CTEs can be valuable for moving computation closer to your data to reduce the number of individual queries and round trips between your application code and database. Complicated joins could be split up into named CTEs for readability. CTEs can reduce duplication by reuse, i.e. referring to one multiple times within a single query. You could also abstract away specific implementation details behind a unified “interface”, to output columns with matching data types and naming, even with different sources of data under the hood.

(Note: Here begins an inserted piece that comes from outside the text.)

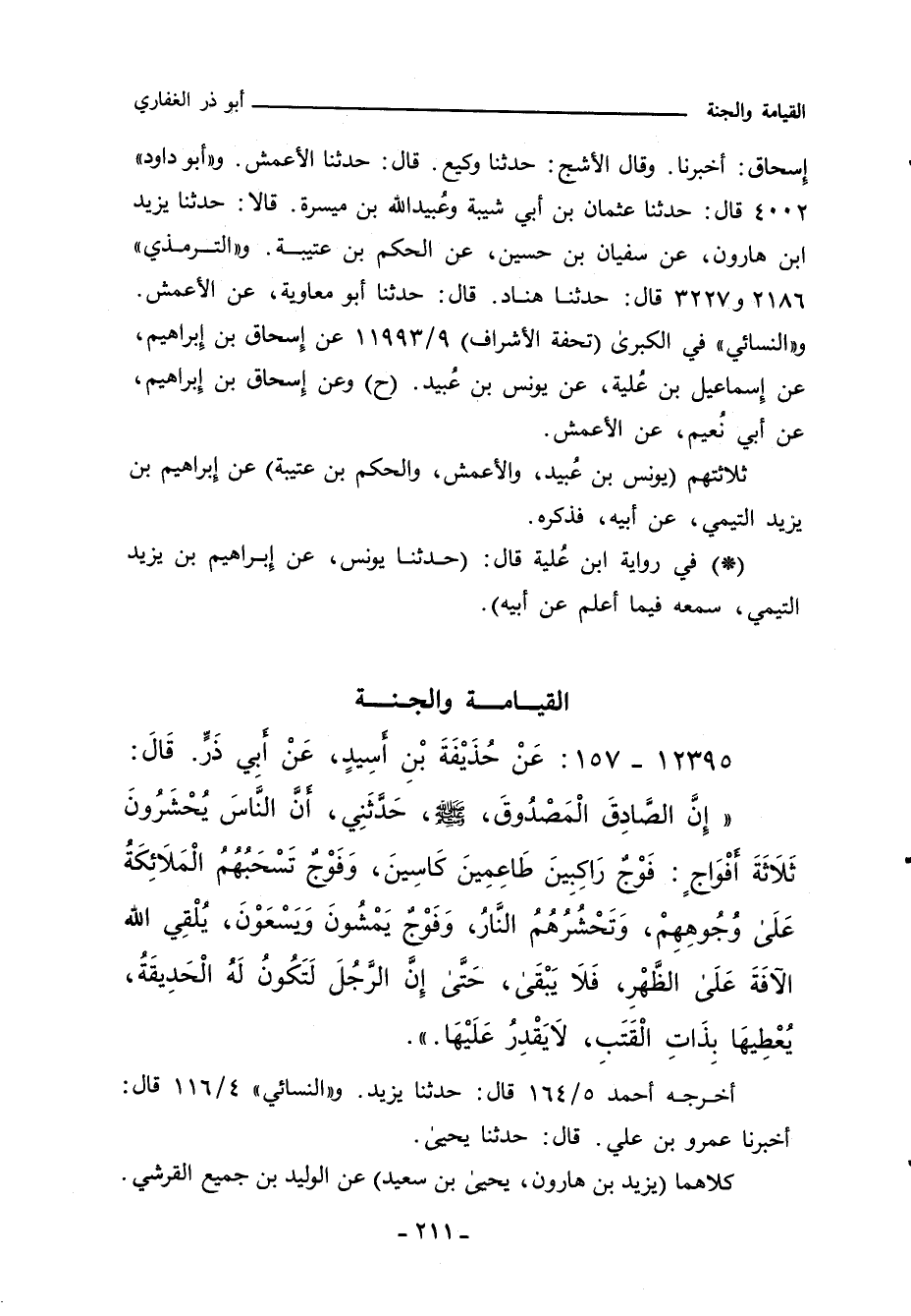 أَنَّ النَّاسَ يُحْشَرُونَ عَلَى ثَلَاثَةِ أَفْوَاجٍ: فَوجٌ رَاكِبِينَ طَاعِمِينَ كَاسِينَ، وَفَوْجٌ يَمْشُونَ وَيَسْعَوْنَ، وَفَوْجٌ تَسْحَبُهُمُ الْمَلَائِكَةُ عَلَى وُجُوهِهِمْ، وَتَحْشُرُهُمْ إِلَى النَّارِ، فَقَالَ قَائِلٌ مِنْهُمْ: هَذَانِ قَدْ عَرَفْنَاهُمَا، فَمَا بَالُ الَّذِينَ يَمْشُونَ وَيَسْعَوْنَ؟ قَالَ: يُلْقِي اللَّهُ الآفَةَ عَلَى الظَّهْرِ حَتَّى لَا يَبْقَى ظَهْرٌ، حَتَّى إِنَّ الرَّجُلَ لَيَكُونُ لَهُ الْحَدِيقَةُ الْمُعْجِبَةُ، فَيُعْطِيهَا بِالشَّارِفِ ذَاتِ الْقَتَبِ، فَلَا يَقْدِرُ عَلَيْهَا.

As for performance, subqueries and CTEs should, at least in theory, be on the same line. Possible exceptions include duplication of subselects, whereas a CTE can be defined and computed only once. However, this could depend on the database engine’s query planner to choose whether identical subselects are actually run only once.

Sometimes you might need to give the planner more hints about how to execute your query, for example by explicitly telling it whether or not to materialize the CTE query results into a temporary memory table (but lose indexing benefits). This level of control is not present when using subselects, where the alternative would be to use temporary tables for in-memory materialization.

There’s one case that requires CTE usage if dealing with native SQL, though: recursive queries. Without CTEs, if the parent-child hierarchy depth can be arbitrary, you would need to implement recursion and stop condition checks in code that would issue multiple separate queries. This could sometimes imply more or less significant performance penalties.

CTEs might also prove useful in some less-commonly-needed cases, such as ordered UPDATEs from another table.

When are CTEs not too useful?

CTEs might be more difficult to utilize, and therefore less convenient in general, if you are using a deeper ORM-like database abstraction layer, such as JPA/Hibernate (Java and some other JVM languages), Entity Framework (.Net), or ActiveRecord (Ruby and others). You might at least need to supply raw SQL for declaring CTEs, because e.g., JPA’s JPQL abstraction doesn’t support CTEs.

CTEs as abstractions: example

Let’s concentrate on CTE benefits for writing readable and maintainable SQL code, the declarative way. The following example might not be very useful in any realistic business scenario on its own, but the idea is to demonstrate some CTE benefits using a compact example that should be easy enough to digest.

Boring stuff first: data setup. Pretend that we have a database of rectangular and cylindrical boxes. They can contain or be contained by other boxes of similar shape, but so that cylindrical ones can’t contain rectangular ones or vice versa. It is possible to rearrange boxes into or out of other boxes, with some constraints. On the querying side, we would like to get various numerical statistics about them.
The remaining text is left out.